Input for this task START

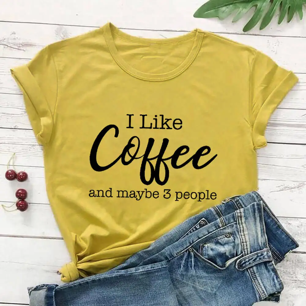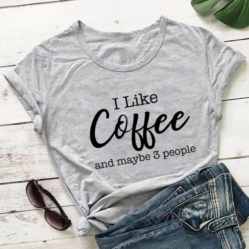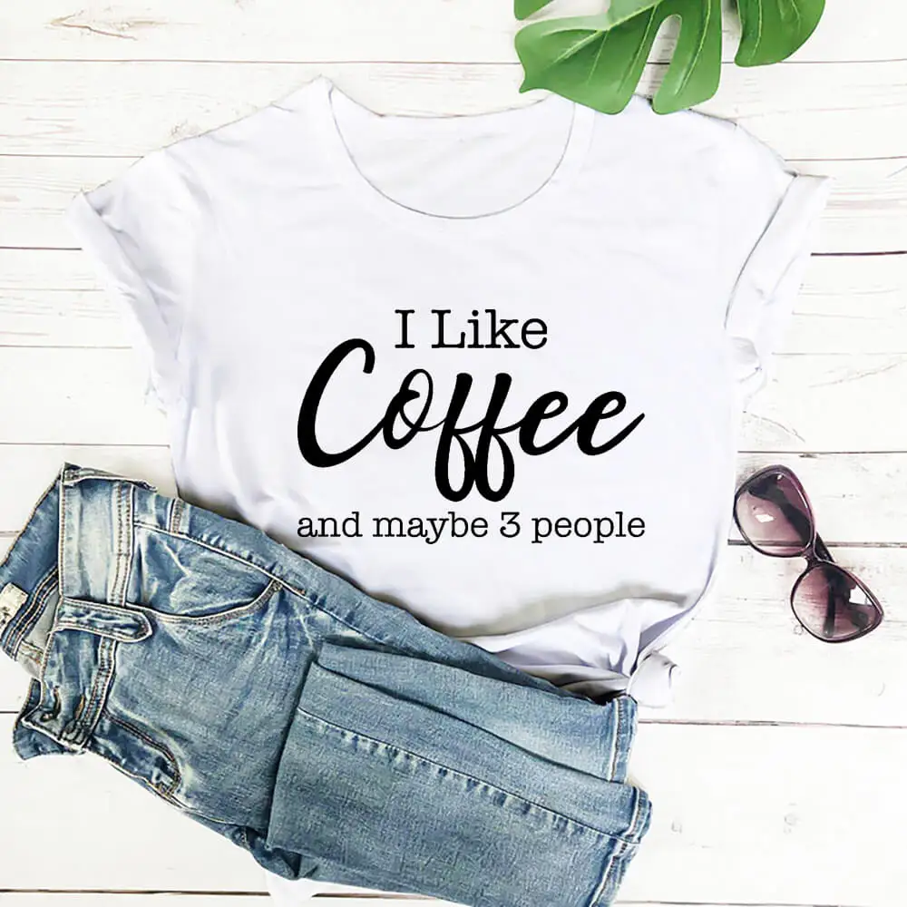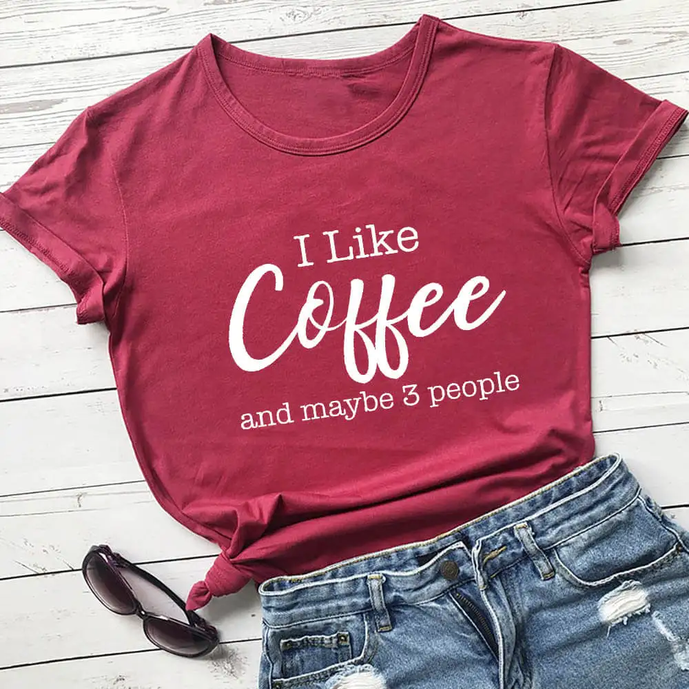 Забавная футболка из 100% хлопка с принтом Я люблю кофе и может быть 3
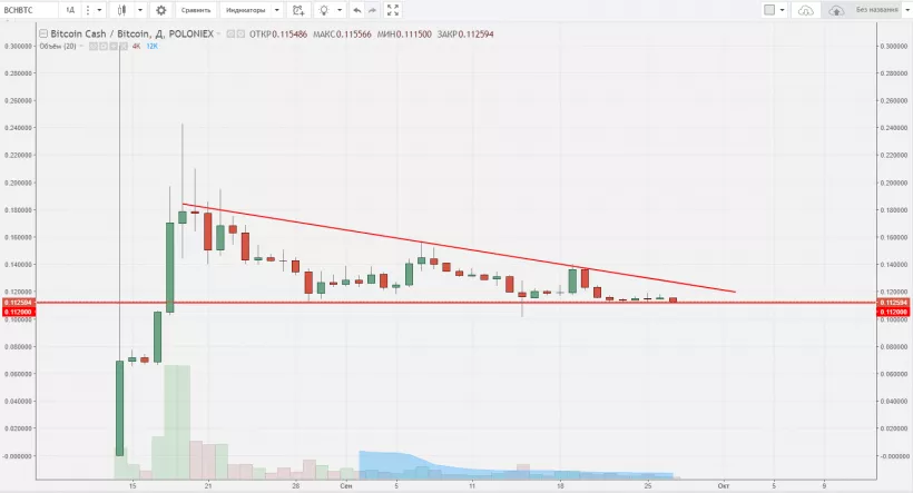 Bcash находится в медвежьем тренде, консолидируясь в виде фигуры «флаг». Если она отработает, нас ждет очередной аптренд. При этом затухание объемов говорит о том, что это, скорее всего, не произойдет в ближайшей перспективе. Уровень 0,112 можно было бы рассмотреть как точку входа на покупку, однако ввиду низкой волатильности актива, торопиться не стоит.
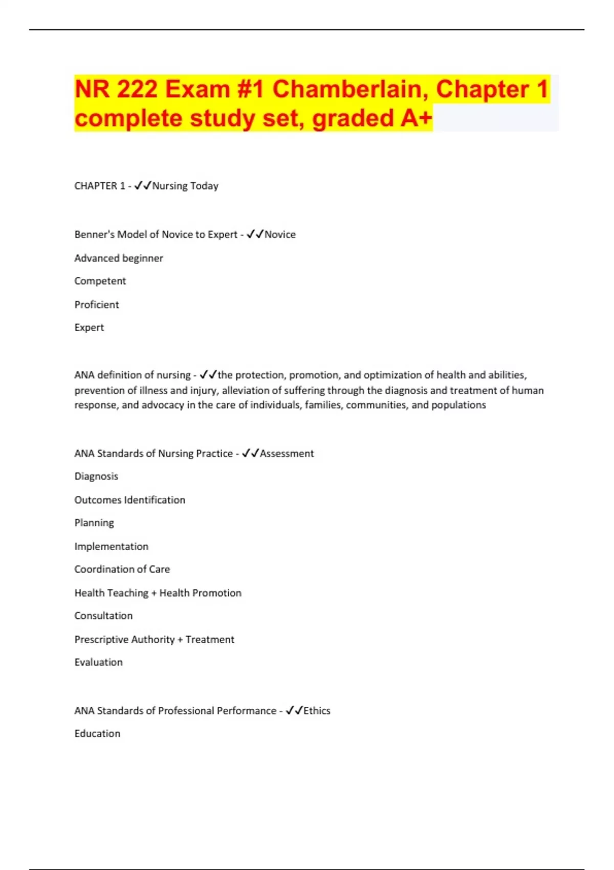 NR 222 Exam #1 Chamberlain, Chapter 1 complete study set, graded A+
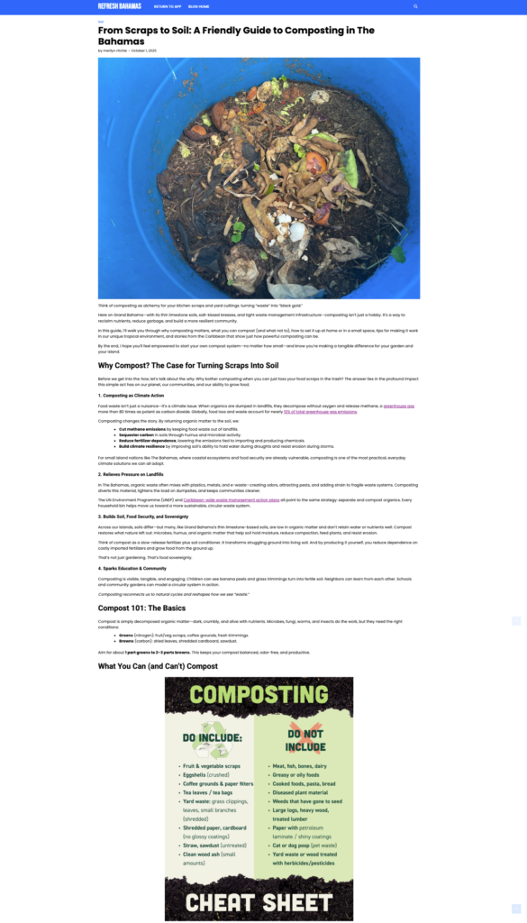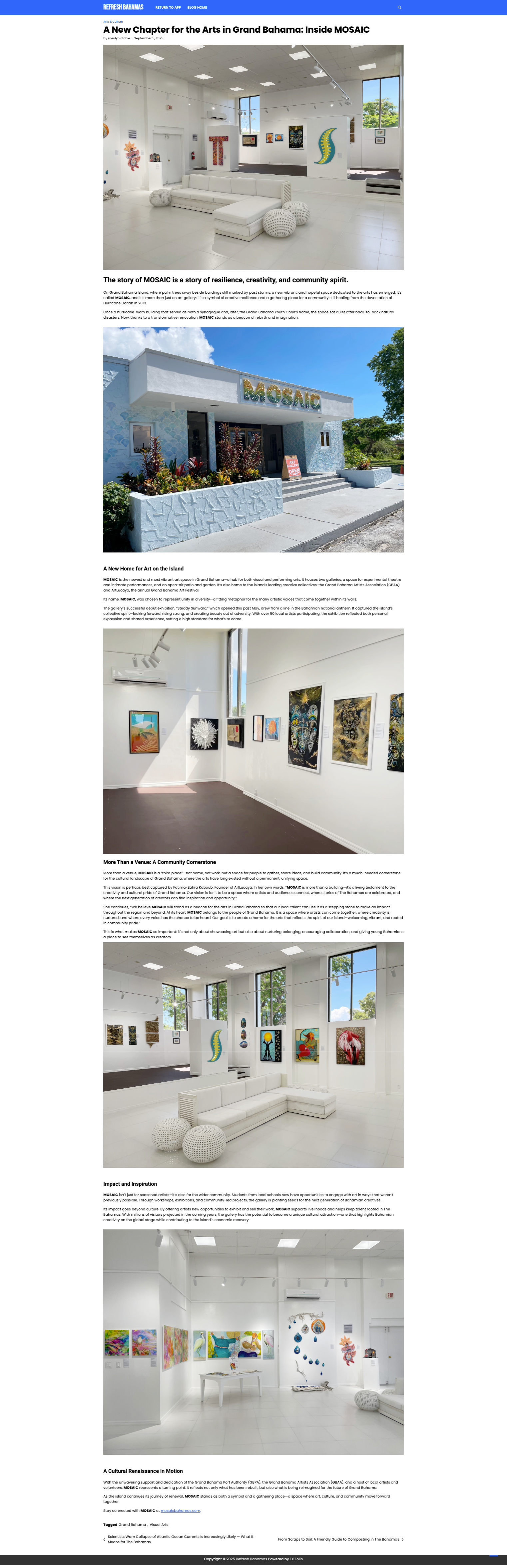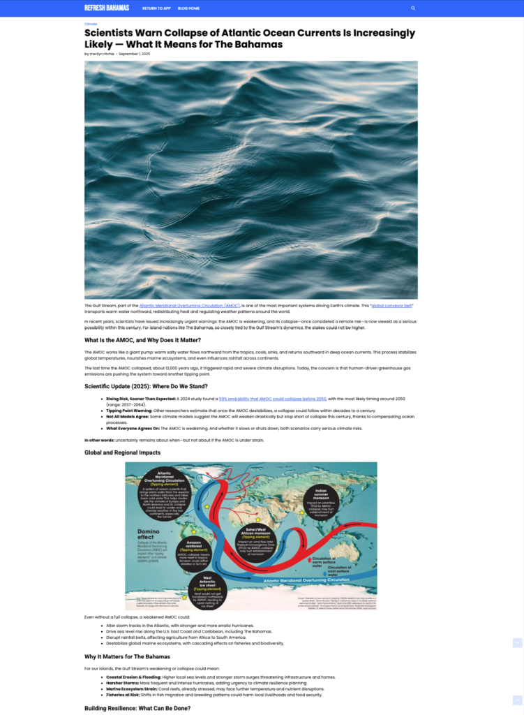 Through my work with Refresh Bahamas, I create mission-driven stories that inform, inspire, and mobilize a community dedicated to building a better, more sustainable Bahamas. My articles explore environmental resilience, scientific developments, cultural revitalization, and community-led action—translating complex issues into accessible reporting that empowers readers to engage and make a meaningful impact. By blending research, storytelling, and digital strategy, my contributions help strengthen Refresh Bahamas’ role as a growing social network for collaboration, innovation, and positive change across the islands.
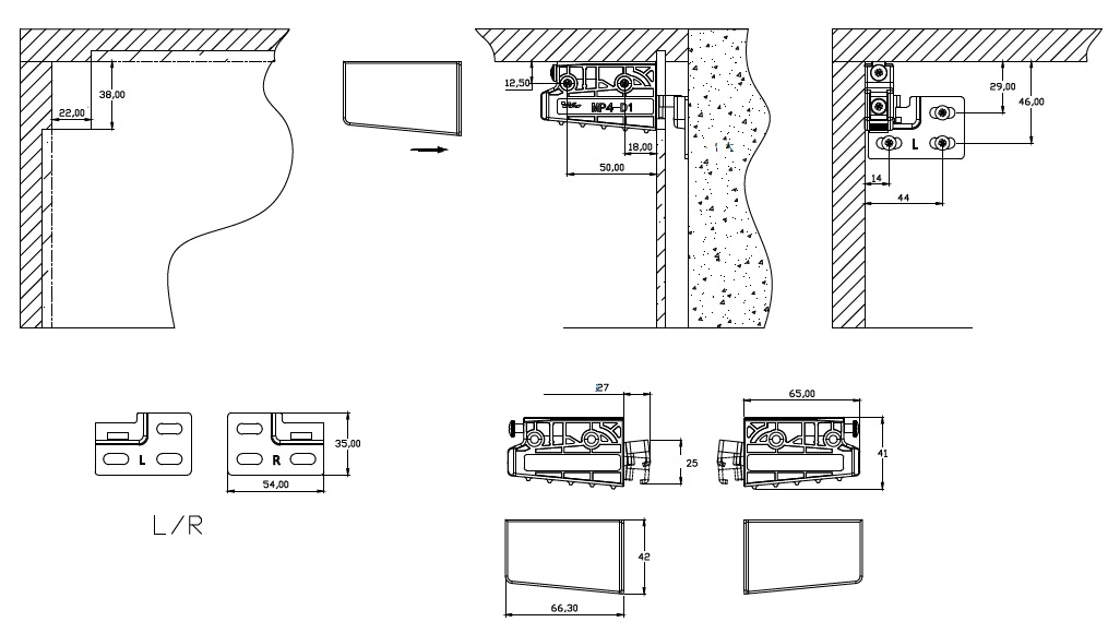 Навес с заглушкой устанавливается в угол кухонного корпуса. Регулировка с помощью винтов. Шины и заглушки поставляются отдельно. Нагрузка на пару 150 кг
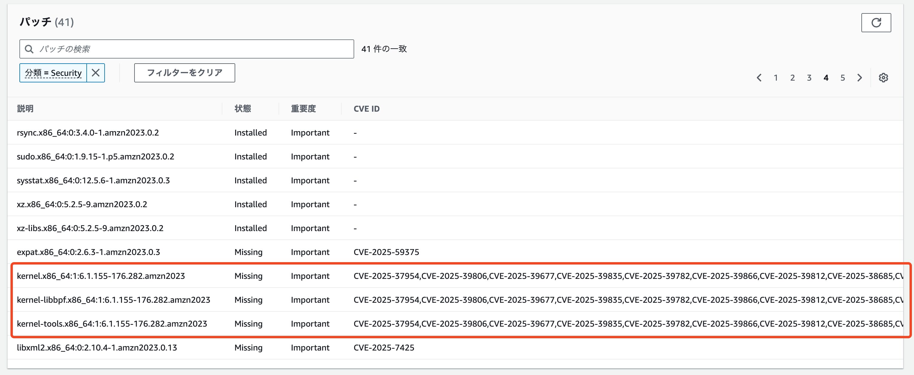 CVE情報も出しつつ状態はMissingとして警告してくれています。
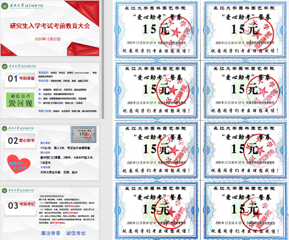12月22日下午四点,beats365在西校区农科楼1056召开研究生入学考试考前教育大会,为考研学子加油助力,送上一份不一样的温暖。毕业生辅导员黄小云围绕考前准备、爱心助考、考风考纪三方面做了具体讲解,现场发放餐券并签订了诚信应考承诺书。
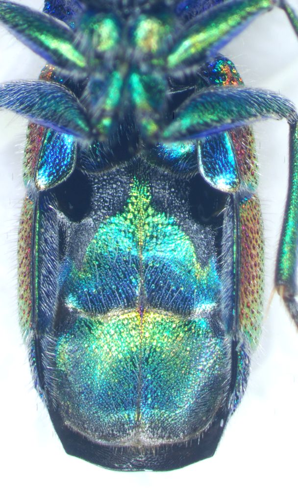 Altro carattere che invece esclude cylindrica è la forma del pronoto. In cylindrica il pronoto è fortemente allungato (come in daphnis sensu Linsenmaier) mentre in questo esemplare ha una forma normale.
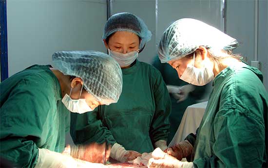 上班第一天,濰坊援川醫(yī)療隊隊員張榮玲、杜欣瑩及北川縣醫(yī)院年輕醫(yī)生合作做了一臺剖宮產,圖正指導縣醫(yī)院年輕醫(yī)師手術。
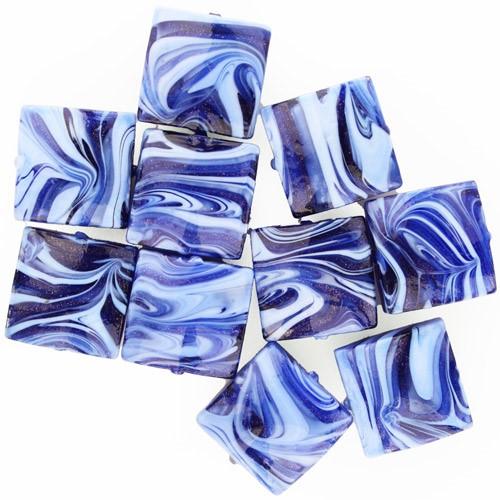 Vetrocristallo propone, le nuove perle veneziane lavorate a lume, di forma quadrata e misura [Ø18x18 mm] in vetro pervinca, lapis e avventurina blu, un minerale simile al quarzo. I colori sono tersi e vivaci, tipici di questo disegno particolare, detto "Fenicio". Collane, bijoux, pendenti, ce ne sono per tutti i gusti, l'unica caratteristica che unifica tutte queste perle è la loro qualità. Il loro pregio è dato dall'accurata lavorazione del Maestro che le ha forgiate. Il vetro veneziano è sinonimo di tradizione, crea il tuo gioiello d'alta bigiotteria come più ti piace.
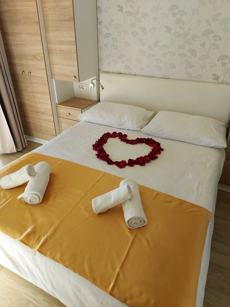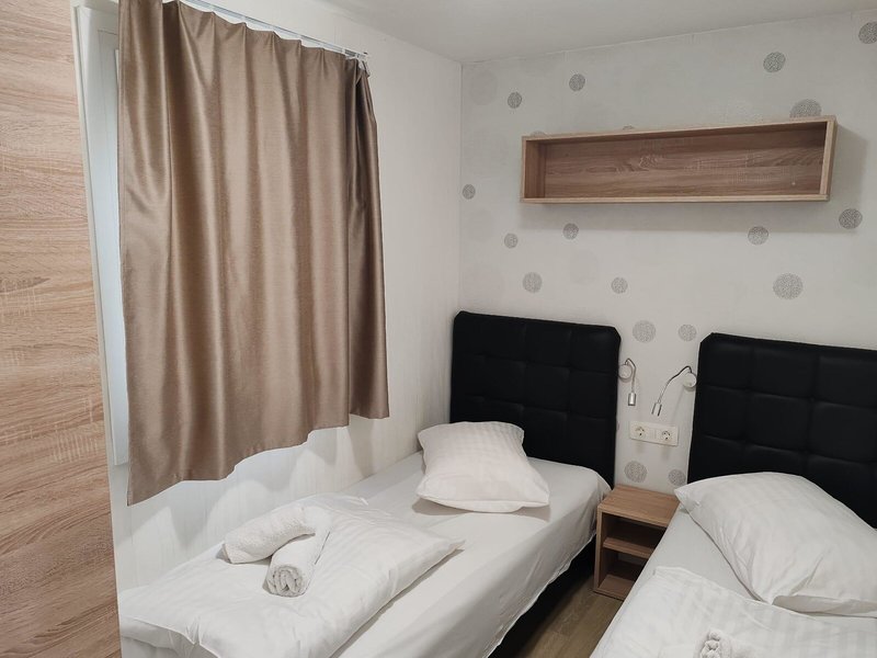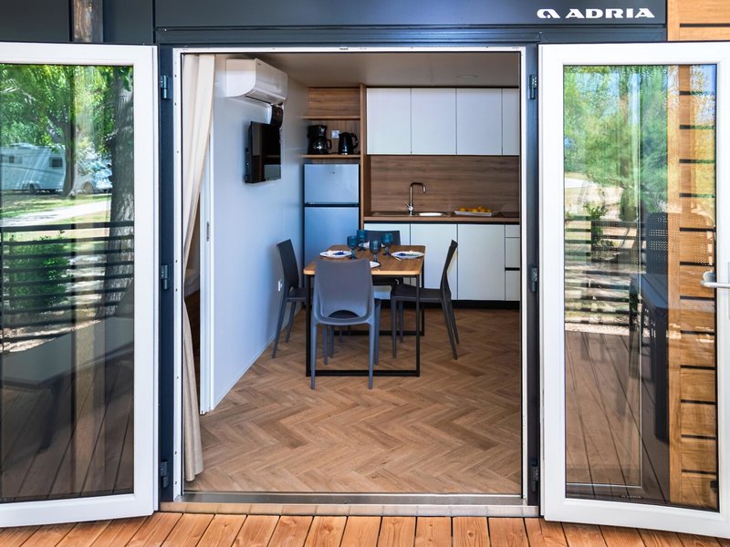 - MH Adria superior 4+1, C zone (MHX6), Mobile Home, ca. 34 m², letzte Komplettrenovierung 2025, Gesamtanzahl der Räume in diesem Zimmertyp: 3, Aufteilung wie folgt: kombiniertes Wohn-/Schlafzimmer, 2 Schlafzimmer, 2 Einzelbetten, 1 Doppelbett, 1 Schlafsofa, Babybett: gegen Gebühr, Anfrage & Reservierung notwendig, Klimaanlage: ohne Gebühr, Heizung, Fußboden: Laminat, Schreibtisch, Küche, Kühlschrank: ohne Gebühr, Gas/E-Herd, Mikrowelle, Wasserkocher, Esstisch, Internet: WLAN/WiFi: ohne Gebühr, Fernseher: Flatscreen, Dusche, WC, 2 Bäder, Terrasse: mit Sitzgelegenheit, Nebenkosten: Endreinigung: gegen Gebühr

Input for this task END

Work order
Copy nothing but the lines above from the one with "12月22日下午四点,bea" to the one with "上班第一天,濰坊援川醫(yī", inclusive, word for word. Leave every picture out.

Task answer
12月22日下午四点,beats365在西校区农科楼1056召开研究生入学考试考前教育大会,为考研学子加油助力,送上一份不一样的温暖。毕业生辅导员黄小云围绕考前准备、爱心助考、考风考纪三方面做了具体讲解,现场发放餐券并签订了诚信应考承诺书。
 Altro carattere che invece esclude cylindrica è la forma del pronoto. In cylindrica il pronoto è fortemente allungato (come in daphnis sensu Linsenmaier) mentre in questo esemplare ha una forma normale.
 上班第一天,濰坊援川醫(yī)療隊隊員張榮玲、杜欣瑩及北川縣醫(yī)院年輕醫(yī)生合作做了一臺剖宮產,圖正指導縣醫(yī)院年輕醫(yī)師手術。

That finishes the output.